Here, Continental Western has listed five kinds of losses not covered by the “theft” policy. Plaintiff’s loss does not fall under any of the stated exceptions and therefore, under the commonly understood, rather than legally precise, definition of “theft”, we find that plaintiff’s loss, whether technically “larceny by trick” or “false pretenses” was covered by the “theft” policy and that plaintiff is entitled to recover his loss from defendant. To the extent that Cedar Rapids Nat. Bk. v. American Surety Co. of New York, supra, is inconsistent with this holding, it should be and is hereby overruled.

IV. Turning now to defendant’s cross appeal, we must consider whether defendant was entitled to summary judgment on the issue of plaintiff’s failure to file suit within twelve months of his alleged loss.

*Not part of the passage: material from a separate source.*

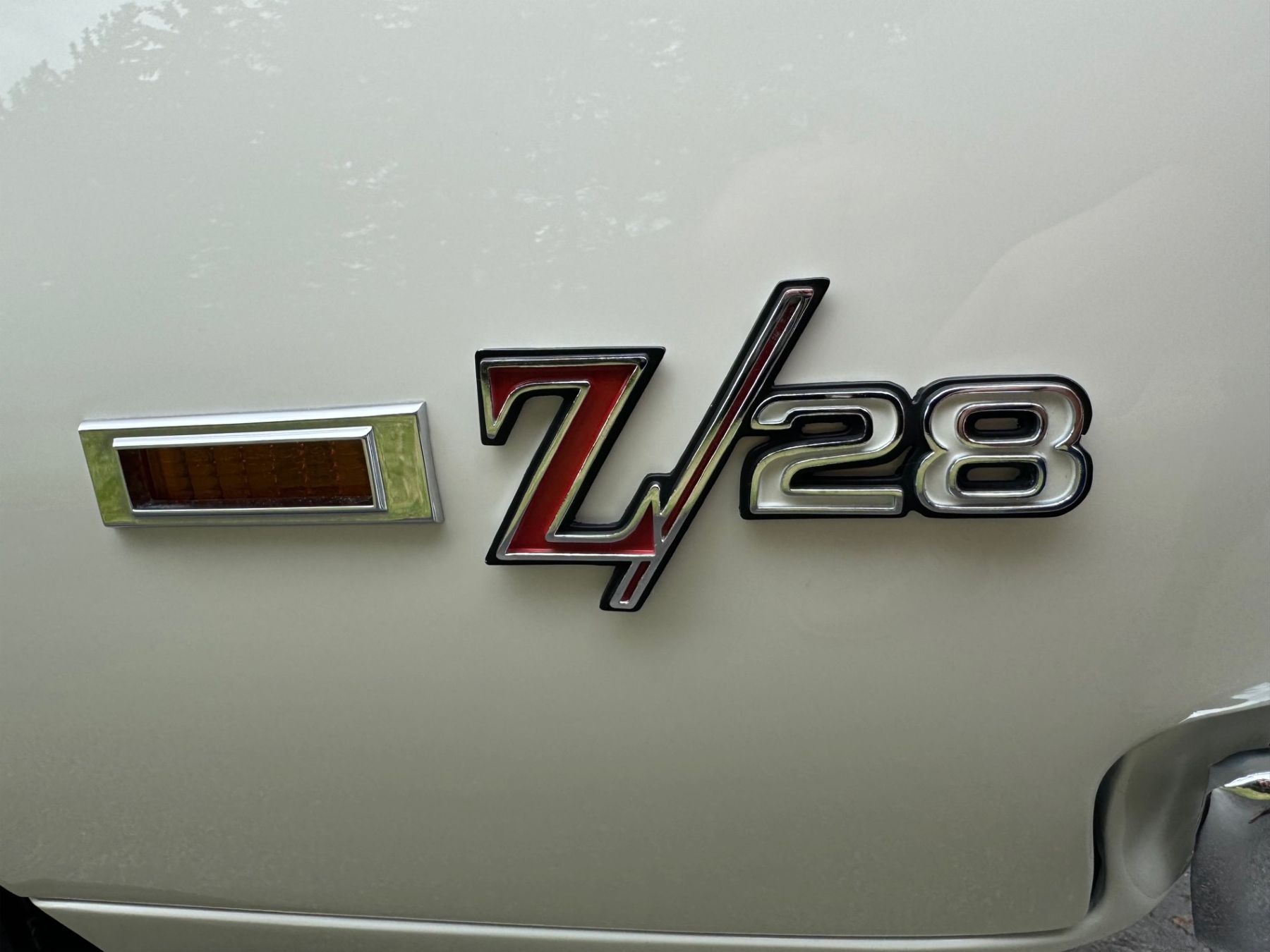 Very rare x77 factory Z28 completely restored inside and out with all its factory options including Dover white exterior. This car has gone through a complete restoration, does not have the correct factory equipped 302 but the complete car has been restored to look as factory as possible. Paint and body on this car is phenomenal, interior is refinished in its original black vinyl equipped with factory bucket seats and a console delete. This car was ordered as a very base Z28, which makes this car very rare being white and very little factory options. Own a piece of GM history, bid with confidence.

The rules governing our inquiry are familiar.

In ruling on a motion for summary judgment, the court’s function is to determine whether a genuine issue of fact is presented by the pleadings, depositions, affidavits or other instruments before it. Davis v. Comito, Iowa, 204 N.W.2d 607, 608. The burden is upon movant to show absence of any such genuine issues of material fact. All material before the court must be viewed in the light most favorable to the opposing party. Daboll v. Hoden, Iowa, 222 N.W.2d 727, 731.

“ ‘On appeal from a summary judgment, the record must be viewed in the light most favorable to the party opposing the motion. The moving party bears the burden of showing both that there is no genuine issue as to any material fact and that the moving party is entitled to a judgment as a matter of law.’ ” Daboll v. Hoden, supra, 222 N.W.2d at 731.

After viewing the whole record before the trial court, we find it correctly overruled defendant’s motion for summary judgment. The material before the court clearly evidenced a factual dispute between *784the parties concerning both plaintiff’s receipt of the policy jacket containing the one year limitation clause and the existence of the alleged estoppel defense. We therefore affirm the trial court on defendant’s cross-appeal.

Reversed and remanded on plaintiff’s appeal, affirmed on defendant’s cross-appeal.

MASON, REYNOLDSON, HARRIS and McCORMICK, JJ., concur. UHLENHOPP, LeGRAND and REES, JJ., dissent. RAWLINGS, J., takes no part.